If you made any modifications to the Galaxy tool configuration file tool_conf.xml or the universe_wsgi.ini file, you should modify those files in the cluster's bucket so the changes take effect at next cluster instantiation. When uploading those files, append .cloud file extension before saving them to the bucket (i.e., tool_conf.xml.cloud and universe_wsgi.ini.cloud). You can find out what the cluster's bucket name is fromCloudMan's console; it will be something like cm-ca8d43f924f3ba1x5b63dabcdcd524ec.
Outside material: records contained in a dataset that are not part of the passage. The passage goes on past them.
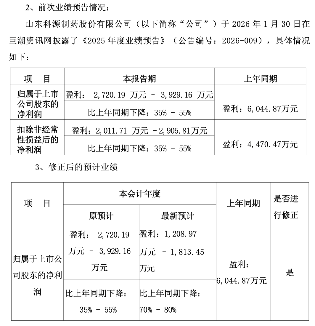 2月24日,科源制药公告修正2025年度业绩预告,修正后,科源制药预计归母净利润为1208.97万元至1813.45万元,比上年同期下降70%至80%。公司扣非归母净利润和前次披露一致,均为2012万元至2906万元。
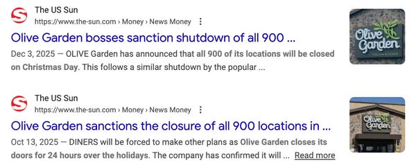 Weeks later, on Dec. 3, The Sun published another article with a headline that displayed in Google search results as “Olive Garden bosses sanction total shutdown of all 900 …” The full headline read: “Olive Garden bosses sanction total shutdown of all 900 restaurants for 24 hours – and it’s just weeks away.”
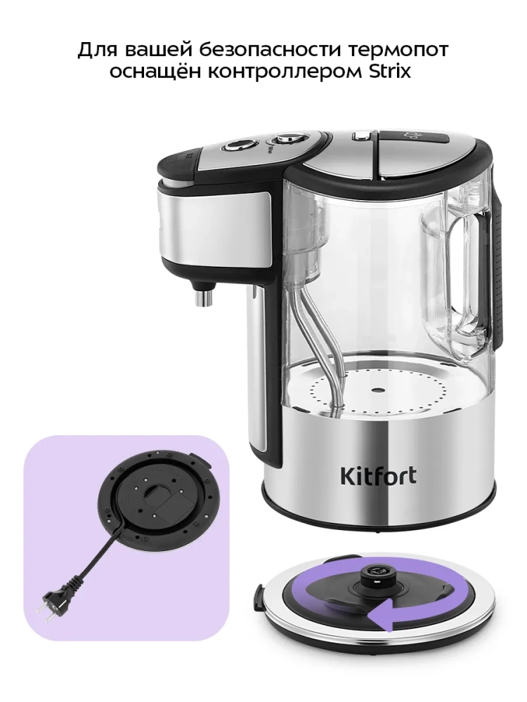 Термопот оснащён контроллером Strix, который уменьшает риск короткого замыкания и возгорания прибора, а также обеспечивает защиту при включении термопота без воды.
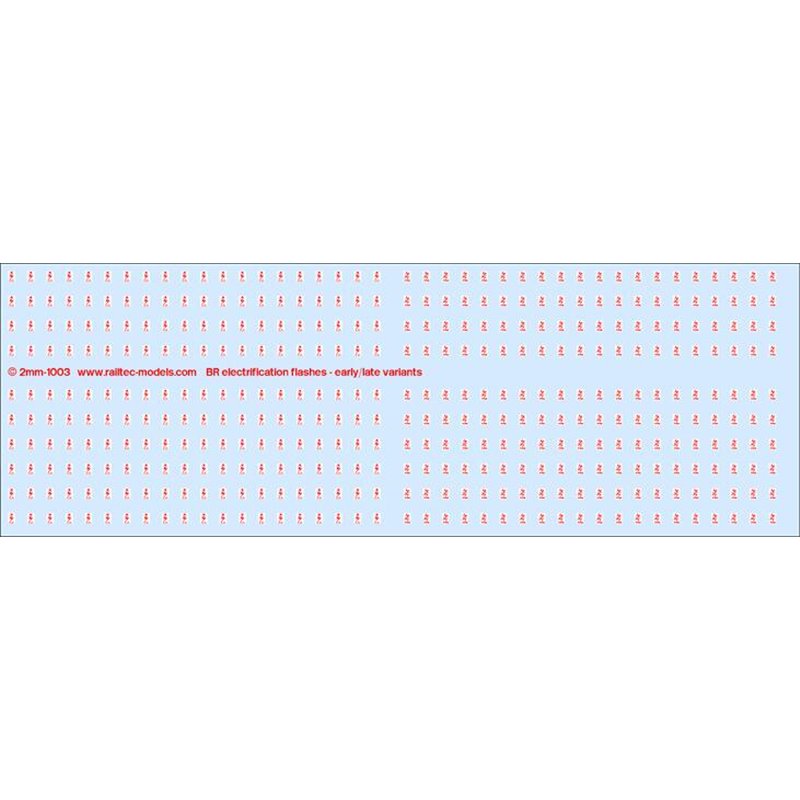 Completely filmless. Includes both early and later variants of electrification OHL flashes. Suitable for locos, coaches, wagons, departmental vans, etc. 200 early flashes & 200 later flashes.
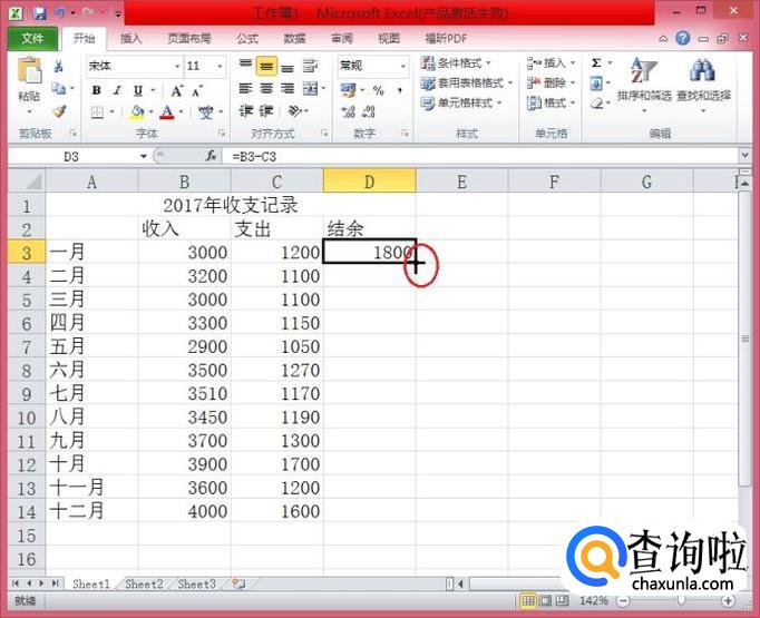 公式输入完成后,按”enter“键,就会看到第一个月的结余已经算出来了
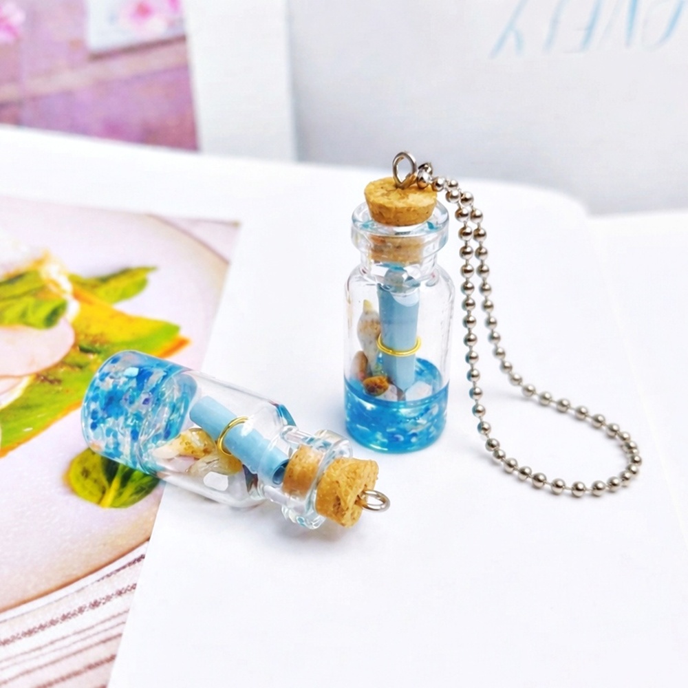 유리병편지키링 타임캡슐편지지 고백 소원병 감성선물 소품 행운 블루 바다 코르크마개
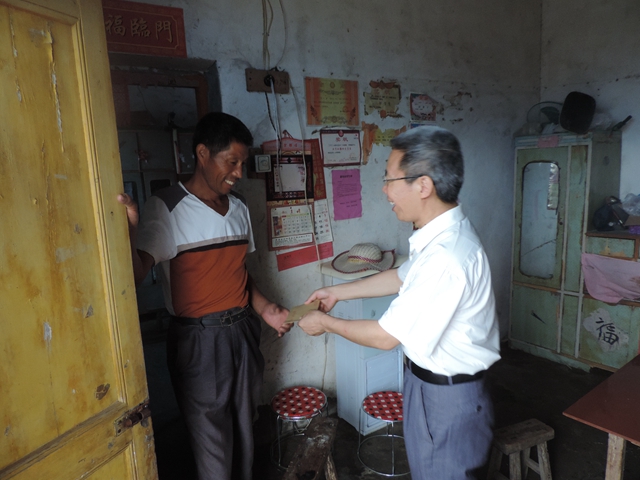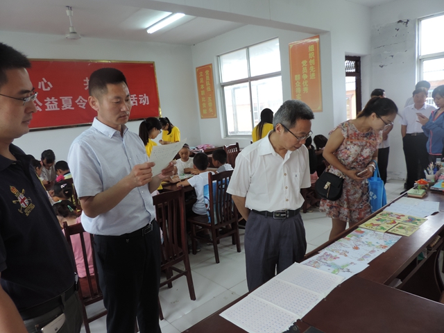 仪式开始前,刘守旗一行5人在灰墩办事处主要领导陪同下看望了经法学院暑期社会实践小分队全体队员和夏令营孩子们,饶有兴趣地参观了夏令营孩子们制作的手工制品,观摩了夏令营课程,并且走访慰问了部分低收入户。
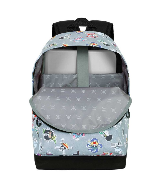 -Sac à dos HS FAN 2.0 One Piece Skull Symbols. One Piece. Sac à dos urbain léger avec un seul compartiment. Doublure intérieure avec poche pour appareils électroniques. Poche avant, bretelles rembourrées réglables et sangle arrière pour chariot.

An Alternative Approach: Manual

CloudMan automates several steps that are required to persist changes to the underlying file systems. However, if you would like (or something goes wrong), these steps can also be performed manually. For the manual steps, perform Steps 1 and 2 from above and then continue with new Steps 3, 4, 5 as follows: 

 3. Create new snapshots of the modified EBS volume(s)
 4. Repair the cluster, then terminate it
 5. Update cluster configuration in S3 to point to the new snapshots

Step 3:

After you have completed all of the desired modifications, stop the Galaxy process with the Stop button for the Galaxy service in the Cloudman Admin Console. As 'ubuntu' user, remove the file system where Galaxy is installed from NFS and unmount it: 

   1 ubuntu@<ip>$ sudo vi /etc/exports
   2 # Comment out the line referencing /mnt/galaxyTools
   3 ubuntu@<ip>$ sudo /etc/init.d/nfs-kernel-server restart
   4 ubuntu@<ip>$ cd    # get out of /mnt/galaxyTools, or umount may fail
   5 ubuntu@<ip>$ sudo umount /mnt/galaxyTools

Next, from the AWS console, detach the EBS volume where Galaxy is installed. You can discover which EBS volume to detach by looking at the CloudMan log located in /mnt/cm/paster.log and searching for a line similar to this one: Successfully mounted file system '/mnt/galaxyTools' from '/dev/sdg2'. Once the volume is detached, from the AWS console, create a snapshot of the volume. Note the newly created snapshot ID and the snapshot size, which will be needed in Step 5.

Note that if you modified available genomes in /mnt/galaxyIndices/genomes/, you will need to unmount that file system as well (umount /mnt/galaxyIndices/), detach the corresponding EBS volume, and create a snapshot of it as well.

Step 4

In order to ensure a clean cluster shutdown, it is necessary to patch everything that was broken during the update. So, first, from the AWS console, reattach the original EBS volume to the instance using the same device ID (e.g., /dev/sdg2 in the above example), mount the device as the corresponding file system:

   1 ubuntu@<ip>$ sudo mount /dev/sdg2 /mnt/galaxyTools

Lastly, as 'galaxy' system user, start Galaxy:

   1 ubuntu@<ip>$ sudo su galaxy
   2 galaxy@<ip>$ cd /mnt/galaxyTools/galaxy-central/
   3 galaxy@<ip>$ sh run.sh --daemon

Back on the CloudMan web interface, once Galaxy is running again, log out of your ssh session (so that the unmount of /mnt/galaxyTools and other shutdown actions proceed smoothly). From the cluster log on the Cloudman admin page, or the "Show current user data" button, note down the name of the cluster's bucket. It will be something like cm-ca8d43f924f3ba1x5b63dabcdcd524ec. Click "Terminate cluster" and include "Terminate Master Instance", but not "Delete this cluster" (or we would lose all this work !)

Step 5:

Once the cluster has terminated (including the master instance), in the AWS console, click on the S3 tab. Find the desired cluster's bucket (as noted in Step 4) and download file persistent_data.yaml. Edit this file under - filesystem: galaxyTools replace the snap_id with the snapshot ID you got in Step 3. Also, if you happened to have changed the size of the filesystem in Step 3 (and thus the size of the snapshot), reflect that change in this file as well. If you changed any of the genomes and thus the galaxyIndices file system, and created a new snapshot, modify that snapshot ID as well. Save the file and replace the one in your cluster's bucket with the new version. The universe_wsgi.ini.cloud and tool_conf.xml.cloud files in the bucket should already be updated with your customizations, but you could check that.

That is it. Instantiate the cluster as you normally would (i.e., using the same user data) and your customizations will be preserved for the given cluster. You may still need to install system software that is independent of Galaxy, eg. additional Perl modules or Linux packages not installed by default in the base Ubuntu Linux.